3 is a cross-sectional view of the liquid crystal display device along the III-III direction of FIG.

4 is a graph for explaining the effect of improving the cancer according to an embodiment of the present invention.

Explanation of Signs of Major Parts of Drawings

10: upper chassis 20: liquid crystal panel

25 drive unit 30 optical film

40: surface light source 50: mold frame

54: reflective layer 60: storage container

61: bottom 62: connection surface

63: reflective surface 64: reflective sheet

70: light source support member

The present invention relates to a backlight unit using a surface light source as a light source and a liquid crystal display including the same.

In general, a liquid crystal display (LCD) is a device for displaying a desired image by adjusting the light transmittance of liquid crystal cells arranged in a matrix form according to image signal information. A thin film transistor substrate, a color filter substrate, and both substrates It includes a liquid crystal panel in which a liquid crystal is injected in between.

Since the liquid crystal panel is a non-light emitting device, a backlight unit for supplying light is disposed on the rear surface of the thin film transistor substrate. The amount of light irradiated from the backlight unit is adjusted according to the arrangement of liquid crystals to form an image on the liquid crystal panel.

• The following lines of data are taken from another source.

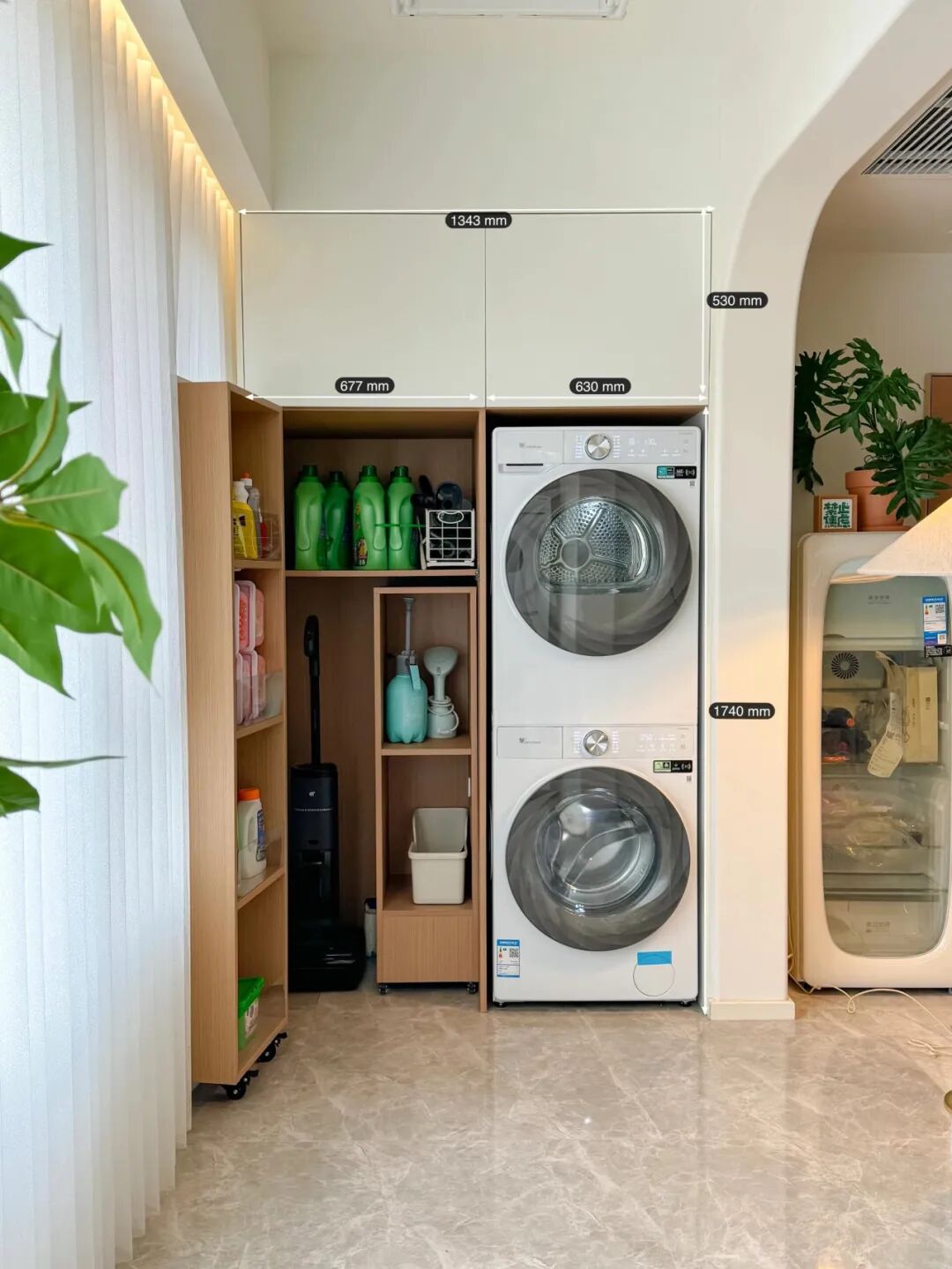 Nhà hàng xóm làm một dãy tủ sâu 60cm, giấu cả máy giặt và máy sấy vào trong. Điều thú vị là họ tận dụng cánh tủ: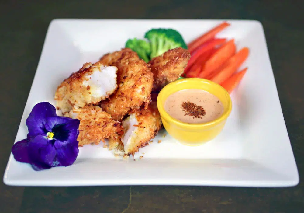 - Gently place fish sticks in coconut flour, lightly dusting on all sides.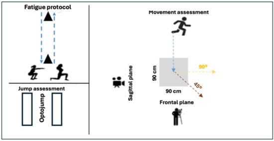 Testing layout representing the fatigue protocol, jump assessment, movement assessment and camera positioning.
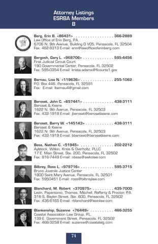 Beroset, John C. <657441> . . . . . . . . . . . . . 438-3111 Beroset & Keene 1622 N. 9th Avenue, Pensacola, FL 32503 Fax: 432-1919 E-mail: jberoset@berosetkeene.com Beroset, Barry W. <145143> . . . . . . . . . . . . 438-3111 Beroset & Keene 1622 N. 9th Avenue, Pensacola, FL 32503 Fax: 432-1919 E-mail: bberoset@berosetkeene.com Bess, Nathan C. <51945> . . . . . . . . . . . . . . 202-2212 Aylstock, Witkin, Kreis & Overholtz, PLLC 17 E. Main Street, Ste. 200, Pensacola, FL 32502 Fax: 916-7449 E-mail: nbess@awkolaw.com Bilbrey, Ross L. <979716> . . . . . . . . . . . . . . 595-3715 Bruno Juvenile Justice Center 1800 Saint Mary Avenue, Pensacola, FL 32501 Fax: 5950451 E-mail: ross@bilbreylaw.com Blanchard, M. Robert <370975> . . . . . . . . . 435-7000 Levin, Papantonio, Thomas, Mitchell, Rafferty & Proctor, P.A. 316 S. Baylen Street, Ste. 600, Pensacola, FL 32502 Fax: 436-6165 E-mail: rblanchard@levinlaw.com Blankenship, Suzanne <76449> . . . . . . . . . . 466-3255 Coastal Association Law Group, P.L. 139 E. Government Street, Pensacola, FL 32502 Fax: 466-3258 E-mail: suzanne@coastalalg.com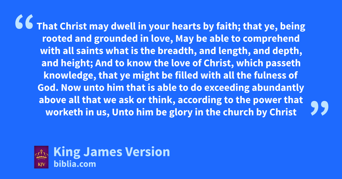 3 For this cause I Paul, athe prisoner of Jesus Christ bfor you cGentiles, 2 If ye have heard of dthe dispensation eof the grace of God which is given me cto you-ward: 3 fHow that gby revelation hhe made known unto me the mystery; i(as I wrote ||afore in few words, 4 Whereby, when ye read, kye may understand my knowledge in lthe mystery of Christ) 5 hWhich in other ages was not made known unto the sons of men, as it is now revealed unto his holy mapostles and prophets by the Spirit; 6 That the Gentiles should be nfellowheirs, and oof the same body, and ppartakers nof his promise in Christ by the gospel: 7 qWhereof I was made ra minister, according to the gift of ethe grace of God given unto me sby the effectual working of his power. 8 Unto me, twho am less than the least of all saints, eis this grace given, that I should preach camong the Gentiles the uunsearchable wriches of Christ; 9 And hto make all men see what is the fellowship of the mystery, hwhich from the beginning of the world hath been hid in God, xwho created all things by Jesus Christ: 10 To the intent that ynow unto zthe principalities and powers ain heavenly places might be known by the church the manifold bwisdom of God, 11 cAccording to the eternal purpose which he purposed in Christ Jesus our Lord: 12 In whom we have dboldness and eaccess with fconfidence by gthe faith of him. 13 Wherefore I desire that ye hfaint not iat my tribulations kfor you, lwhich is your glory. 14 mFor this cause nI bow my knees unto the Father of our Lord Jesus Christ, 15 Of whom othe whole family pin heaven and earth qis named, 16 That he would grant you, according to rthe riches of his glory, sto be strengthened with might by his Spirit in tthe inner man; 17 uThat Christ may dwell in your hearts by faith; that ye, wbeing rooted and xgrounded in love, 18 May be able to ycomprehend with all saints what is the breadth, and length, and zdepth, and height; 19 And to know the love of Christ, awhich passeth knowledge, that bye might be filled with all cthe fulness of God. 20 dNow unto him that is able to do exceeding abundantly above all that we ask or think, eaccording to the power that worketh in us, 21 fUnto him be glory in the church by Christ Jesus gthroughout all ages, world without end. Amen.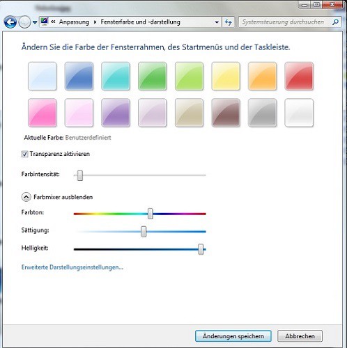 - Now you can change the window color and appearance. To do this, select either one of the suggested colors, or you can create with the "color mixer" a unique color.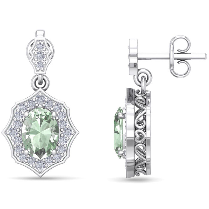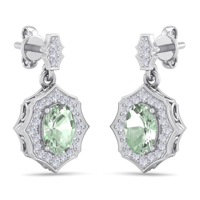 Retrograde Birthstones™ 1 2/3 Carat Oval Shape Green Amethyst and Diamond Dangle Earrings In 14 Karat White Gold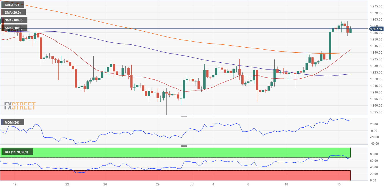 The XAU/USD pair surpassed its former weekly high by a few cents, establishing a fresh one at $1,963.56. Technical readings in the daily chart maintain the risk skewed to the upside, but the positive momentum faded. Technical indicators turned flat within positive levels, while a mildly bullish 100 Simple Moving Average (SMA) provides support at around the intraday low of $1,952.40, while the 20 SMA remains directionless way below the longer one, all of which limits the bullish potential.

The backlight unit includes an optical film disposed on the rear surface of the liquid crystal panel and a light source for irradiating light to the liquid crystal panel. The light source includes a cold cathode fluorescent lamp (CCFL), an external electrode fluorescent lamp (EEFL), and a surface light source (FFL). flat fluorescent lamps).

Among these, the surface light source has higher brightness and uniformity than other light sources, has low power consumption and long life, and can omit components such as a light guide plate and a reflection plate (film), thereby reducing manufacturing costs. Its large area extends its coverage. However, since the surface light source emits light only to the front surface unlike CCFL or EEFL, there is a problem in that a dark portion occurs in an adjacent area in contact with the storage container. Thus, in the related art, a mold frame having an inclined reflecting surface is disposed in each adjacent region where the storage container and the surface light source come into contact with each other to fix the surface light source while reducing the dark portion.

However, when the reflective surface is formed of the mold frame, not only the reflection efficiency is weak, but also when the external impact is applied, the surface light source may be damaged by the bending or burr generated in the mold frame.

An object of the present invention is to provide a backlight unit having an improved light efficiency and impact resistance and a liquid crystal display device including the same.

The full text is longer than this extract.